The above results of the GPLPLS models are obtained by combining with the LLE method to retain local nonlinear structural features. Below, the monitoring results of the GPLPLS model combined with another local retention algorithm LPP method are given, as shown in Table 9.3, where \(\varSigma = [{\sigma _x},{\sigma _y}]\). It can be seen that Table 9.3 gives consistent conclusions, so the analysis will not be performed here.

Table 9.3 FDRs of GPLPLS methods with LPP local feature

Many methods have the similar fusion idea of global projection and local preserving, such as GLPLS, LPPLS, and others. These methods all need to adjust parameters, and different parameters have different results. In order to be as consistent as possible with the existing results of other methods, we chose the same data set in Wang et al. (2017) for the following tests.

In the following comparison experiment, input variable matrix \(\boldsymbol{X}\) is composed of process variables \([\text {XMEAS}\left( {1:22} \right) ]\) and 11 manipulated variables \([\text {XMEAS}\left( {23:33}\right) ]\) except XMV (12). The quality variable matrix \(\boldsymbol{Y}\) includes XMEAS (35) and XMEAS (38). The model parameters based on the combination of manifold learning algorithm and PLS are set as follows:

(1) The GLPLS model: \({\delta _x} = 0.1,{\delta _y} = 0.8,{k_x} = 12,{k_y} = 12\).

(2) The LPPLS model: \({\delta _x} = 1.5,{\delta _y} = 0.8,{k_x} = 20,{k_y} = 15\).

(3) The GPLPLS model: \({k_x} = 11,{k_y} = 16\) (mainly refers to the \({\mathrm{GPLPLS}}_{xy}\) model).

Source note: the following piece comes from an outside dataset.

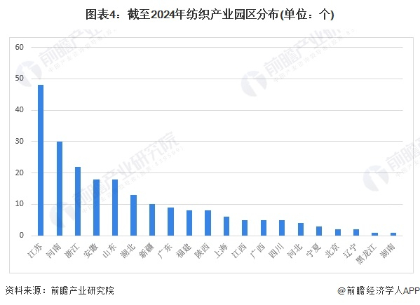 目前纺织行业相关产业园区数量比较多,前瞻产业园区数据库显示,截至2024年5月20日我国纺织产业园区共有218个,主要分布于江苏省,纺织产业园区数量高达48个,其次为河南和浙江,两省纺织产业园区数量均在20个以上。

Table 9.4 FDRs comparison for different quality-related methods

Table 9.4 lists the FDR values of different quality-related monitoring methods, corresponding to PLS, CPLS, GLPLS, and GPLPLS models, and the corresponding detection threshold is calculated with confidence level of 99.75%. The last two columns are FDRs calculated based on the PMA value of this data set.

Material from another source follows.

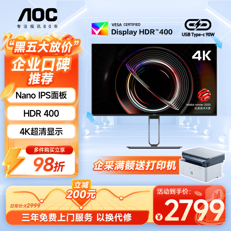 AOC电脑显示器 27英寸4K高清 90W type-c NanoIPS硬屏 HDR400 专业设计办公旋转升降支架U27U2S价格:2799.00元!

It can be seen from Tables 9.1 and 9.4 that although the data sets are different, the results of PMA are similar. Therefore, the quality-related monitoring results should be similar, and it is obvious that the GPLPLS model gives consistent conclusions. The higher FDR of other models than GPLPLS is due to not good to distinguish whether these faults are quality related. Although GLPLS has similar fusion idea of global feature and local structure, its weak monitoring performance is caused by the inappropriate parameters and model construction. Because it is difficult to select suitable parameters, the parameter determination method is still an open issue.

In summary, GPLPLS model shows good monitoring performance. It is suitable for the combination of global structure and local structure features, so the output prediction results and fault monitoring results of the model are better than other models.

9.7 Conclusions

This chapter proposes a new statistical monitoring model based on the global plus local projection to latent structure (GPLPLS) model. This model not only maintains the global and local structural characteristics of the data, but also pays more attention to the correlation between the extracted principal components. First, the GLPLS method is introduced, and it is pointed out that the model construction of this method is unreasonable, and then the GPLPLS method is proposed to maintain the global and local features with a new structure. Then a monitoring model based on the GPLPLS method is established, and the monitoring performance of the proposed method is verified on the TE process simulation platform. The results show that compared with PLS, CPLS, and GLPLS, GPLPLS method has better process monitoring performance for quality-related fault.